There are many who think that our Internet situation is somehow new and
unique. It is not. The internet is not the first situation in which
people have had to deal with cross jurisdictional protection of perceived
rights. In fact, issues such as these have been around since the time of
Columbus. And solutions have existed since time time of the Medicis.

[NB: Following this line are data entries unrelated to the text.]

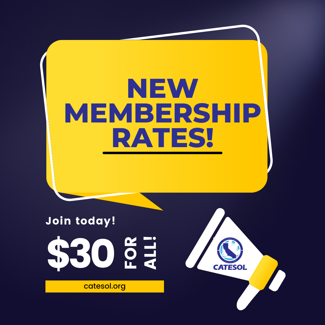 Students and Part-Time Teachers: Check out the Gordon Johnson Award for a chance to win a one-year CATESOL membership. Rolling submission deadlines. See award information.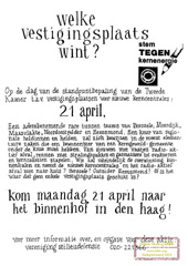 Buiten op het Binnenhof is een soort ‘zeskamp’ tussen de mogelijke locaties: Borssele, Moerdijk, Maasvlakte, Noordoostpolder en Eemshaven. Allerlei “elementaire zaken” voor vestigingsplaatsen komen aan de orde: van “sjouwen met vaatjes radio-aktief afval, rennen met stralingspakken en gasmaskers tot evakueren en kernraketten stapelen”.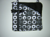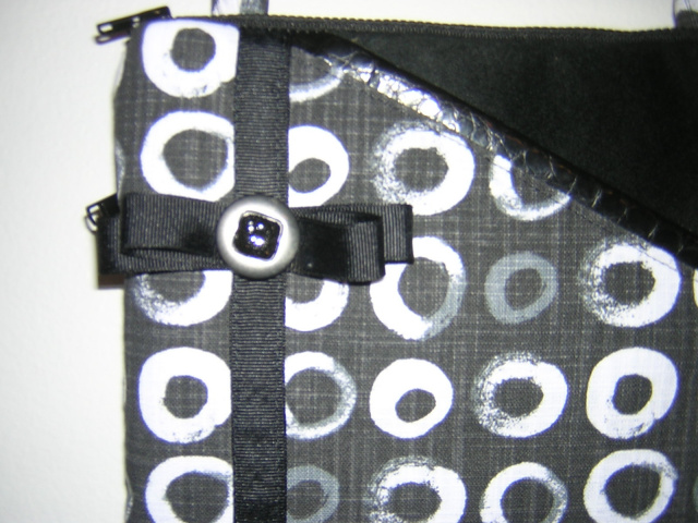 Canvas in a circle print with black, grey, and white. The front pocket is done in suede with a faux leather trim. The bag is trimmed with black grosgrain ribbon and button with stone middle to finish the rich look. Back of bag is in the circle print only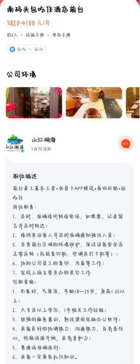 上海山江湖海酒店管理有限公司招聘简章招聘岗位:酒店前台招聘人数:若干人电话:58同城线上申请 -

As a general matter, one obtains judgements from courts where the harm
occured or where the parties are to be found. And there are established
rules for domestication of foreign judgements. Of course, domestication
of a foreign judgement may not succeed - In our multicultural world, it is
simply a fact of life that what is considered a wrongful act in one place
may be completely acceptable elsewhere.
There are legitimate complaints to be raised against the time and expense
of these processes. But let's fix those problems, not try to invent an ad
hoc substitute legal system. I can guarantee you that many of the reasons
that the legal system is slow and expensive are that it has had to learn
to handle all the issues of fairness and external manipulation that are
sure to surface in any ad hoc substitute.

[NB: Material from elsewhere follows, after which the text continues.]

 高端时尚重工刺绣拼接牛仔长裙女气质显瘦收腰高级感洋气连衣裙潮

> I'm all for enforcing contractual rights -- but make it a little bit
> easier...
How? By doing what ICANN has done? By creating amateur courts that use
ad hoc jurisprudence to apply law-equivalents created in forums that were
filled only by trademark industry advocates?
One should not forget that the UDRP was railroaded through a partially
formed DNSO that at the time had less than half of its "constituencies"
functioning. Those who were around at that time are unlikly to forget how
ICANN's president labeled as "arrogant" and "juvenile" those who objected
to the way in which the UDRP was created and decreed in a way reminiscent
of a Roman Imperial Fiat.
> I'd like to be able to say that on December 6, 2002, I have clear title
As Marilyn Cade mentioned in her comment, businesses consider the UDRP
merely a first strategy and consider the legal system as a the backup.
So, even if you win on the UDRP, you really can't say that you have "clear
title". ICANN's ad hoc system can not provide finality. ICANN merely
gives trademark owners two bites at the apple.
The power to decide with finality which rights take precendence over
others is a power of government. It matters not whether one uses the word
"government" or "private", the exercise of power is the same in either
case.
ICANN was never equipped to be a legislature, and ICANN's elimination of
the public from its policy making forums makes it even less well equipped
to handle a synoptic debate of the issues from all points of view.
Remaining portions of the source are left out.